Bones gathering dust in NT may be of Timorese hero

LINDSAY MURDOCH

December 28, 2009

DARWIN: Bones believed to be from the body of East Timor’s national hero Nicolau Lobato was forgotten and stored in Australia for five years.

As the remains lay in a Northern Territory police forensic centre, the East Timorese President, Jose Ramos-Horta, pressed Indonesia to return the body of Lobato, who was killed by Indonesian soldiers in 1978.

”In the name of our country and people, in the name of the state and of the family, I am asking here for the return of the body of Nicolau Lobato,” Mr Ramos-Horta said in a speech on August 30 marking the 10th anniversary of East Timor’s independence vote.

Territory police have kept bones believed to be those of Lobato since March 2004 when his family sent them to Darwin for forensic tests.

Three weeks after being questioned about the bones by the Herald, a police spokeswoman confirmed that three bones would soon undergo testing using new methods for the extraction of DNA from bones. A specialist contractor had been employed to do the work as part of a police and Coroner’s project to review 55 unidentified skeletal remains that have been stored in the NT since 1973.

The spokeswoman said after the bones arrived in Darwin in 2004 ”tests were done in the NT Police forensics laboratory on one section of bone but no DNA profile was able to be obtained and no report was completed to that effect”. The spokeswoman said police were now trying to contact Lobato’s family.

”While I can’t give you a timeframe on this testing, the project is expected to be completed early in the new year,” the spokeswoman said.

The body of Lobato, East Timor’s first prime minister and one of the founding members of the Fretilin Party, is a sensitive issue in relations between East Timor and Indonesia.

For years it was believed the body was buried in secret in Indonesia after the charismatic resistance leader was shot in an ambush in December 1978, three years after Indonesia invaded East Timor.
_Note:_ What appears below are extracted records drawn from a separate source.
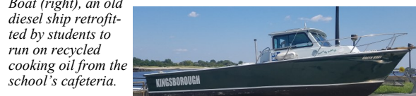
Boat (right), an old diesel ship retrofitted by students to run on recycled cooking oil from the school's cafeteria.

Kingsborough Community College, part of the City University of New York system, is the only community college in Brooklyn. Kingsborough's Maritime Technology Program offers courses in Oceanography, Seamanship, Navigation, Marine Electronics, Ship Handling, Sailing, Marina Operations, Vessel Repair, Fiber-glassing, Welding, Diesel and Outboard Engines, Safety and Survival, First Aid, CPR, Fire Fighting and STCW Certification.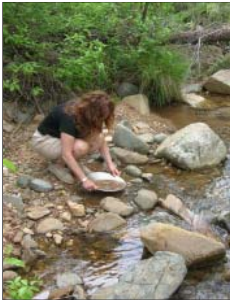
Panning for gold on the Feather River, California (June 2007).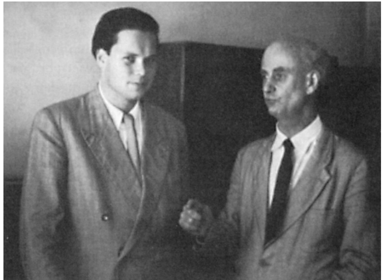
Fischer-Dieskau (left) with the conductor Wilhelm Furtwängler. "After he had inspired me to the 'Four Serious Songs' of Brahms at a manorhouse in Salzburg, he treated me as his own son."

Prof. Fischer-Dieskau: Yes, that's so. Many, many composers have only found their way to a certain form, through familiarizing themselves with texts. A famous example is Nietzsche, who was a musical dilettante, but who wanted to compose anyway. And Hans von Bülow, after looking over his compositions, gave him this very intelligent advice: "Write songs, and stick to the text. Then you will find at least one red thread, or a guiding hand, that will show you the way." And so it came to pass, that his songs were far and away the best musical pieces he ever produced.

But just before Christmas in 2003 workmen digging in the yard of the then prime minister, Mari Alkatiri, discovered remains that members of the Lobato family believed were those of Nicolau.

No head was found, which added to the family’s belief the remains were those of the national hero.

The former Indonesian president Soeharto is believed to have demanded that Lobato’s head be sent to Jakarta as proof of his death.

In 1978 the house was occupied by Colonel Dading Kalbuadi, the Indonesian army chief in East Timor, who arranged a triumphant ceremony for the return of Lobato’s body to Dili.

Lobato’s death was seen by Indonesia at the time as important in breaking the morale of the resistance movement and it boosted the career of Captain Prabowo Subianto, who went on to marry one of Soeharto’s daughters and is now one of Jakarta’s most powerful political figures. Indonesian army propaganda photographs show Colonel Kalbuadi and Captain Subianto standing over Lobato’s body.

Colonel Kalbuadi was involved in the attack on five Australian newsmen, now known as the Balibo Five, by Indonesian forces on October 16, 1975, during an incursion by Indonesia into what was then Portuguese Timor. Colonel Kalbuadi died in 1998.

If the bones in Darwin are confirmed to be those of Lobato, East Timor would give them a grand state funeral after a hero’s return.

Mr Ramos-Horta has described Lobato as ”our greatest hero”. Dili’s international airport is named after him. Lobato’s brother Rogerio is a former interior minister who was controversially convicted of arming a hit squad to eliminate political opponents in 2007.

He was sentenced to 7½ years’ imprisonment but had the sentence reduced and was allowed to leave East Timor to receive medical treatment and is now living in exile.